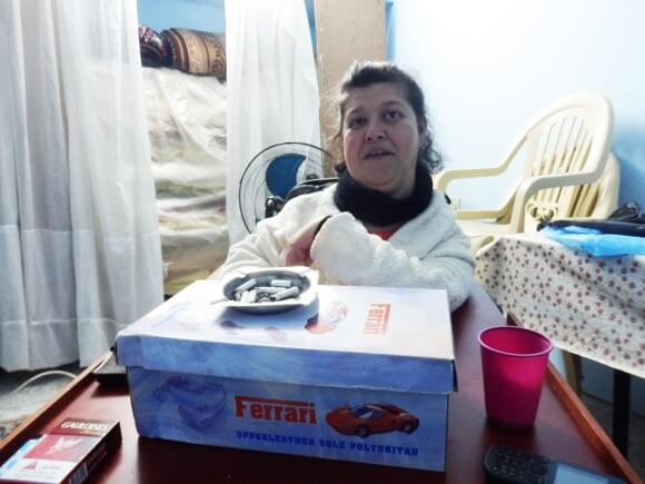 Echlas was born in the camp in 1972 with muscular dystrophy and has been in a wheelchair all her life. For the last twenty-three years she has relied on international volunteers to provide her with round the clock care. These volunteers were organised at first through friends, and now Facebook. She tells me that many of these people had heard about Palestine, but did not know the story of the Palestinians’ exile, or have any idea about what life was like for Palestinians now. “I had one girl who was living with me, who realised only after one week of being here that this is a refugee camp! She said to me, ‘but how can it be, there are no tents?’”
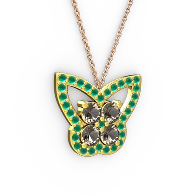 Kök zümrüt ve dumanlı kuvars 925 ayar altın kaplama gümüş kolye (40 cm rose altın rolo zincir)
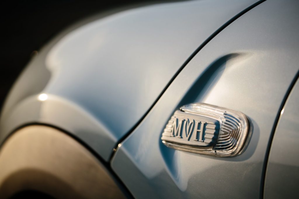ไฮไลท์ที่สำคัญของ Mini Hatch รุ่นพิเศษนี้ คือการรังสรรค์ลวดลายกราฟฟิคอันเป็นเอกลักษณ์บนหลังคารถ ซึ่งได้รับการวาดขึ้นด้วยมือและเป็นการผสานองค์ประกอบต่างๆ ของธงชาติสหราชอาณาจักรและธงชาติสหรัฐอเมริกา ประเทศบ้านเกิดของเจ้าชายแฮรี่และมิสเมแกน มาร์เคิล ไว้ด้วยกันอย่างลงตัว และอีกหนึ่งความพิเศษ คือกรอบไฟเลี้ยวด้านข้าง ที่พิมพ์ด้วยเครื่องพิมพ์สามมิติ จารึกอักษรย่อตัว M และ H พร้อมลายหัวใจ เมื่อเปิดประตูรถ ไฟใต้กรอบประตูสาดส่องต้อนรับเป็นคำว่า “Just Married” บริเวณพื้นด้านคนขับและผู้โดยสารด้านหน้า เป็นสักขีพยานรักในพิธีเสกสมรสครั้งประวัติศาสตร์นี้
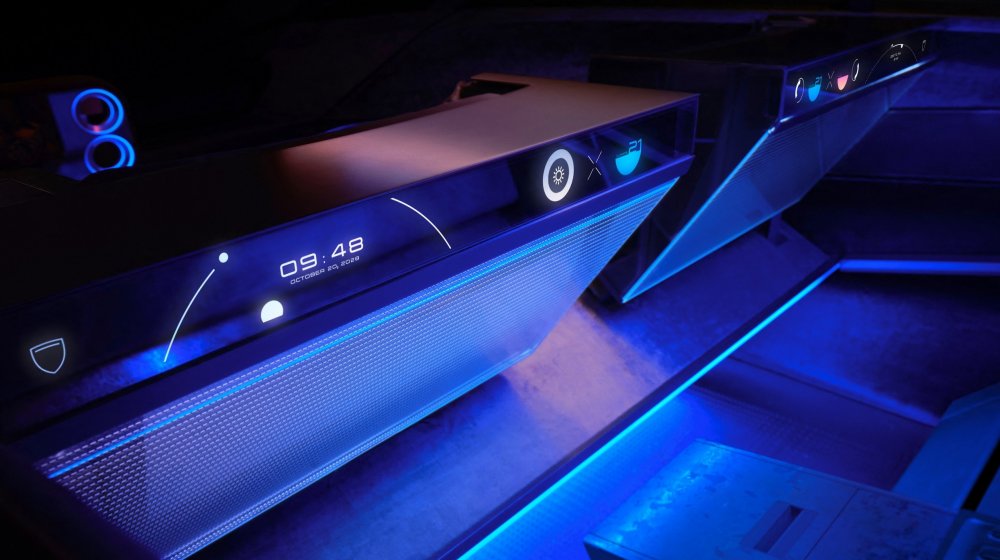 Декорирован салон в стиле клубов 70-х — просторные кубические кресла снабжены массивными стёганными подголовниками, голый оцинкованный метал с перламутровым блеском сочетается с зеркальными поверхностями и обивкой из переработанного полиэстера. В периметр салона органично инсталлирована аудиосистема Focal с двумя сабвуферами в полу — атмосфера дискотеки во время езды гарантирована.
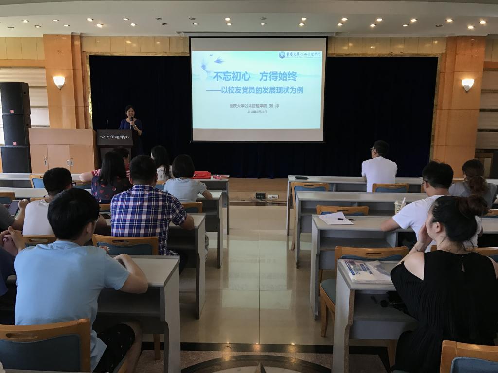 然后,刘淳为全体同志上了毕业前最后一堂党课,题目为“不忘初心、方得始终——以校友党员的发展现状为例”。她借走访慰问校友的契机,梳理了部分校友党员的学习经历和工作情况,并深情回忆了他们在校读书期间的点点滴滴,和大家分享了他们的成长故事与心得。她介绍到,肉视频
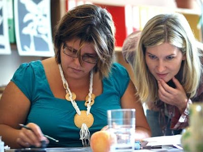 A kis csapat kíváncsian, nyitottan érkezett, úgyhogy előrebocsátom, nem volt velük nehéz dolgom.:-) Aztán a 4 nap alatt egyszerre fáradtunk el és frissültünk fel a résztvevőkkel együtt, akik nagyon lelkesen és elmélyülten alkottak minden reggeltől délutánig. Rácsodálkoztak arra, hogy amiről beszélgetünk, utána rögtön meg is tapasztalható, ki is próbálható, gyakorolható és hogy aztán szoktalan sebességgel mindennek látványos eredménye is van! Túlzás nélkül egy másik dimenzióba léptünk át így együtt és közben végig jól éreztük magunkat: mindenki ellazult, intenzíven átélte az “itt és most” örömét és gyönyörűeket alkotott.
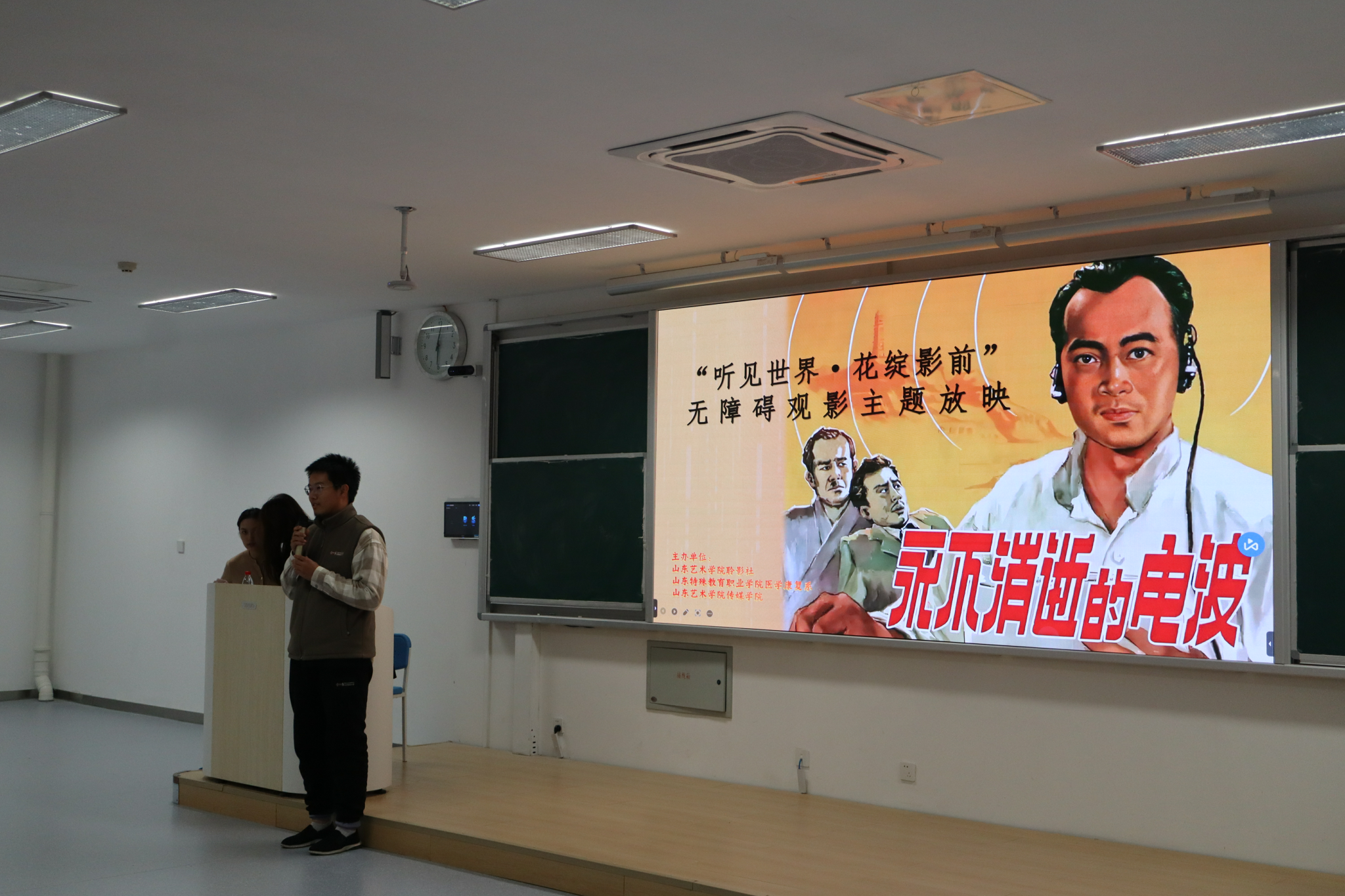 活动精选红色经典影片《永不消逝的电波》,由山东艺术学院传媒学院聆影社成员倾力打造无障碍化解说版本。通过实时语音旁白、环境音效的立体化增强与动态渲染,将银幕上的光影变幻转化为细腻入微的听觉叙事,让视障观众得以“聆听”电影中烽火岁月的跌宕起伏与人物情感的涓涓细流。
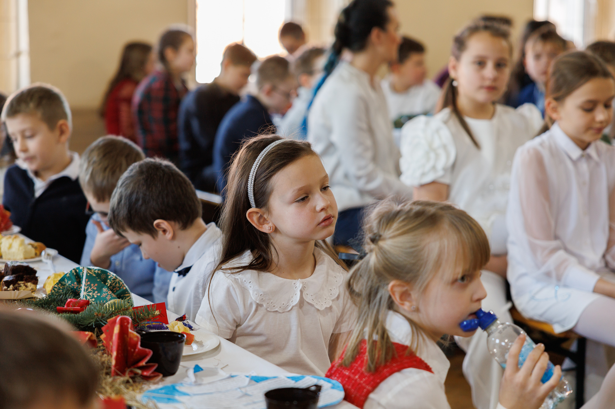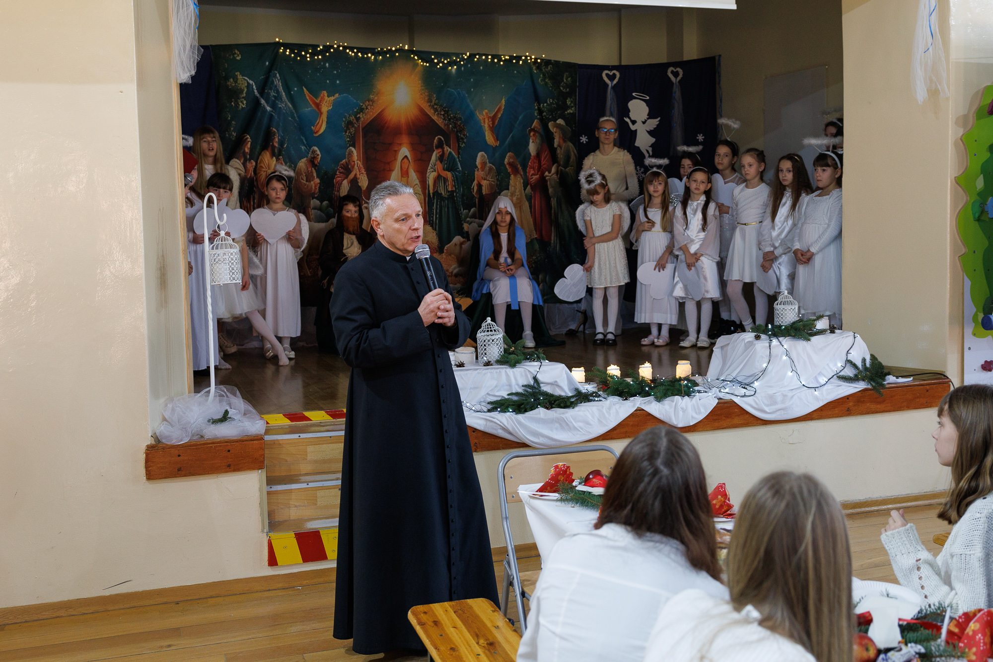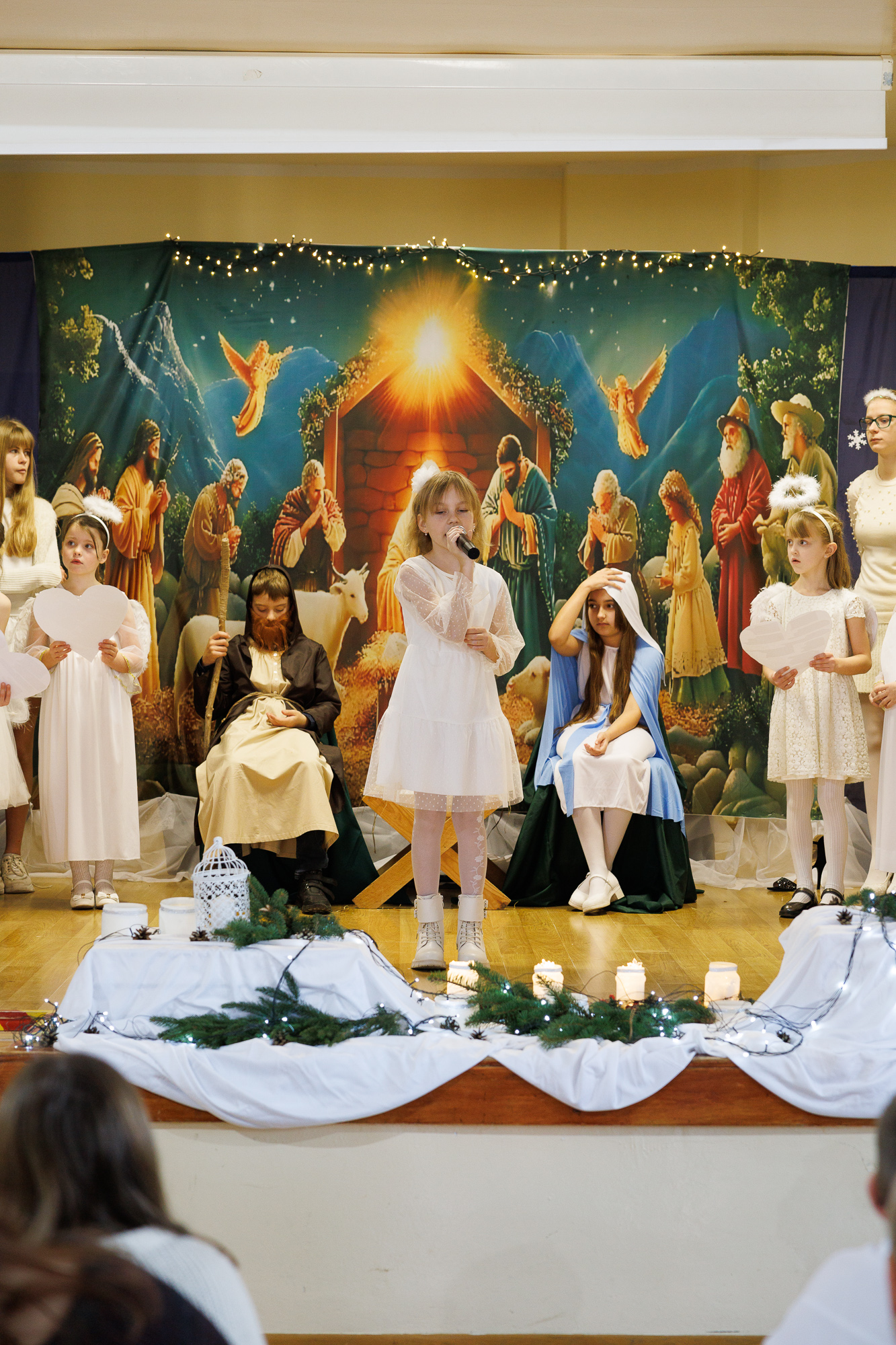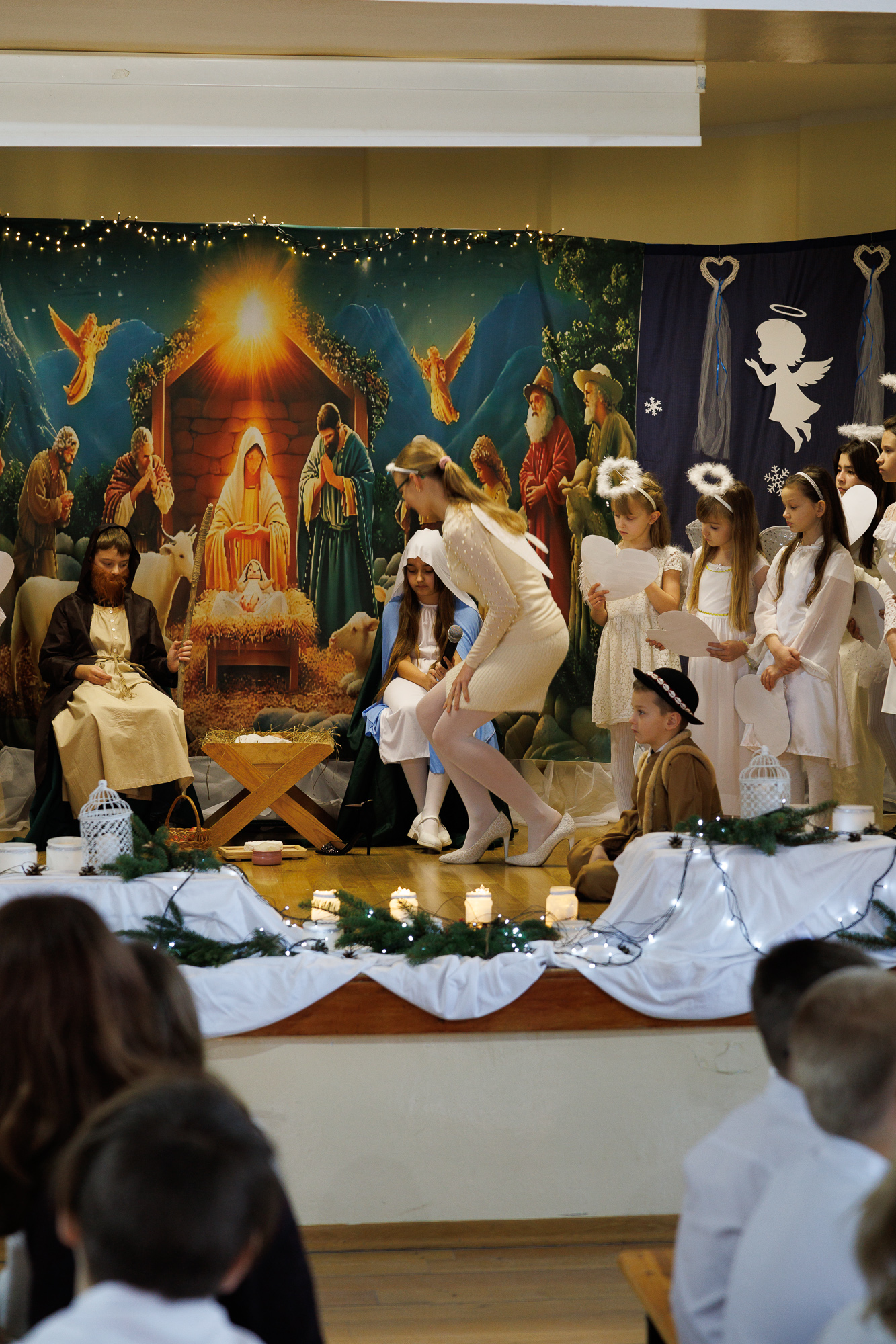 Przedstawienie bożonarodzeniowe wprowadziło uczniów, nauczycieli oraz zaproszonych gości w radosną atmosferę wigilii szkolnej i tradycyjnego wspólnego kolędowania, które zakończyły zajęcia szkolne przed zimową przerwą świąteczną.
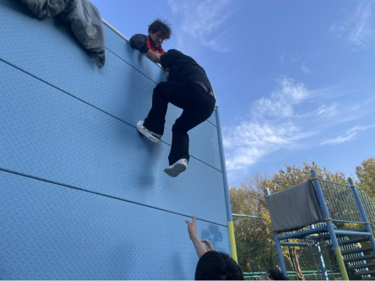本次活动设有“独木桥”、“信任背摔”等一系列内容丰富、形式多样的素质拓展项目。在“独木桥”环节,同学们克服心理恐惧,挑战自我平衡,展现了个人勇气与专注力。“信任背摔”项目则将活动推向高潮,每一位同学在队友“请相信我们”的坚定承诺中,勇敢向后倒去,切身感受到了团队成员间的信任与支撑的力量,活动现场气氛热烈。
####################
Leave the pictures out and reproduce exactly the lines from the top of the listing above through the line with "Kök zümrüt ve".

 Echlas was born in the camp in 1972 with muscular dystrophy and has been in a wheelchair all her life. For the last twenty-three years she has relied on international volunteers to provide her with round the clock care. These volunteers were organised at first through friends, and now Facebook. She tells me that many of these people had heard about Palestine, but did not know the story of the Palestinians’ exile, or have any idea about what life was like for Palestinians now. “I had one girl who was living with me, who realised only after one week of being here that this is a refugee camp! She said to me, ‘but how can it be, there are no tents?’”
 Kök zümrüt ve dumanlı kuvars 925 ayar altın kaplama gümüş kolye (40 cm rose altın rolo zincir)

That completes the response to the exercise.